After I began to explore this idea I found this interaction to be impossible to ignore. Shrubs pushing toward the sun, bushy, green, and 3 feet high; growing out of the 1/2 inch cracks between asphalt and buildings. Flattened rocks painstakingly arranged to control hillside growth only to be overrun in s few years time. Trees that grow onto or over highway intersections and are cut into jagged shapes to avoid brushing the cars below. The seemingly pointless construction of man-made amenities in the midst of natural settings, as if to say century old species all of a sudden forgot how to survive.

We see this form of competition between man and nature constantly. Perhaps we tolerate it because aesthetically plants are soothing. Perhaps there is nothing we can do to contain the relentless spring-time onslaught that perfect humidity and ideal solar luminosity spurs. Possibly it is interesting and in an archaic manner beautiful to those, like me, who appreciate the moral implications it brings to light. They were here first after all.

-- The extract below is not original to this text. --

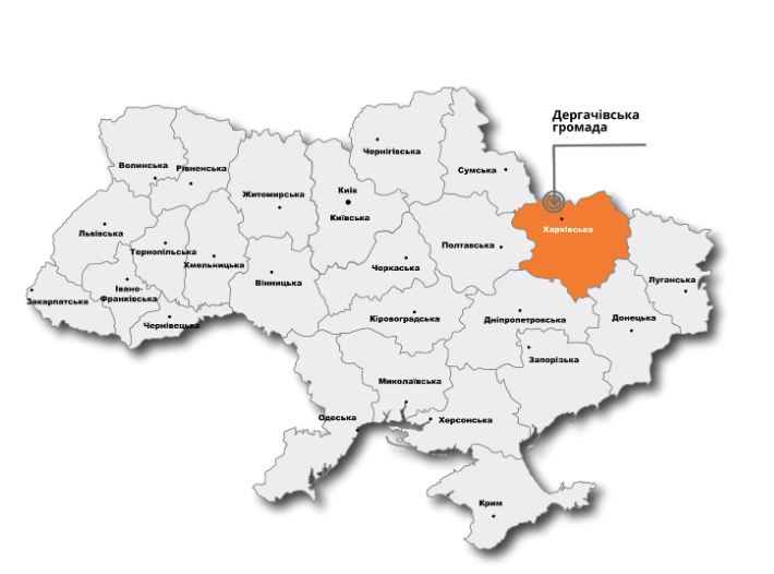Розташування Дергачівської громади на мапі. Скриншот з сайту rebuildukraine.in.ua

As I continued to explore this theme I found other interactions that just made me laugh. Mostly this stemmed not from nature's push for survival amidst an urban setting (which for me wavers between unrequited beauty and sardonic laughter) but from our interaction with nature. A tree that sits leave less, brittle, dark brown, dead; supported from falling a natural death to be consumed and returned to the earth by a length of pvc pipe. Had nature taken its course said tree would have long returned to the earth. But at some time, someone, decided to save this tree. Perhaps at the time it was still struggling with a few leaves left clinging to life. Nobody now questions it. That pipe was placed there by a person, and therefore is there for a reason and should not be removed. And so said tree will stand there, possibly forever, probably just until the land is bought and used for something else. It is this type of ironic interaction that became the most interesting images in my story. For instance, why build a mailbox when there I've got a perfectly good tree and some string right here? Why not live forever as a crudely written word forever stained on the rocks of a national park? Why not build a park right next to this industrial complex?

In the end the why does not matter. The hilarity of the situation stems from our own refusal to change a situation that was created by man, and therefore meant to be that way. Everyday we chop down trees, mow our grass and uproot shrubs to make way for the humans! We never stop to question the why when it comes to plants and animals. Why did they grow so tall with roots so deep? Perhaps they wish to stay in this comfortable spot in the sun? Nah, they want to be chopped down. Don't get me wrong, I'm not trying to make this just another essay about the atrocities of mankind against nature. I'll leave that to the bleeding heart cases who shoot said atrocities with a camera and loads of equipment probably produced in a factory built on top of what was probably once an ancient forest. My goals are much simpler and less hypocritical. I just wanted to show that our interaction with nature is not always a battle. It can be beautiful and meaningful. It can be sad and poetic. It can be hilarious too.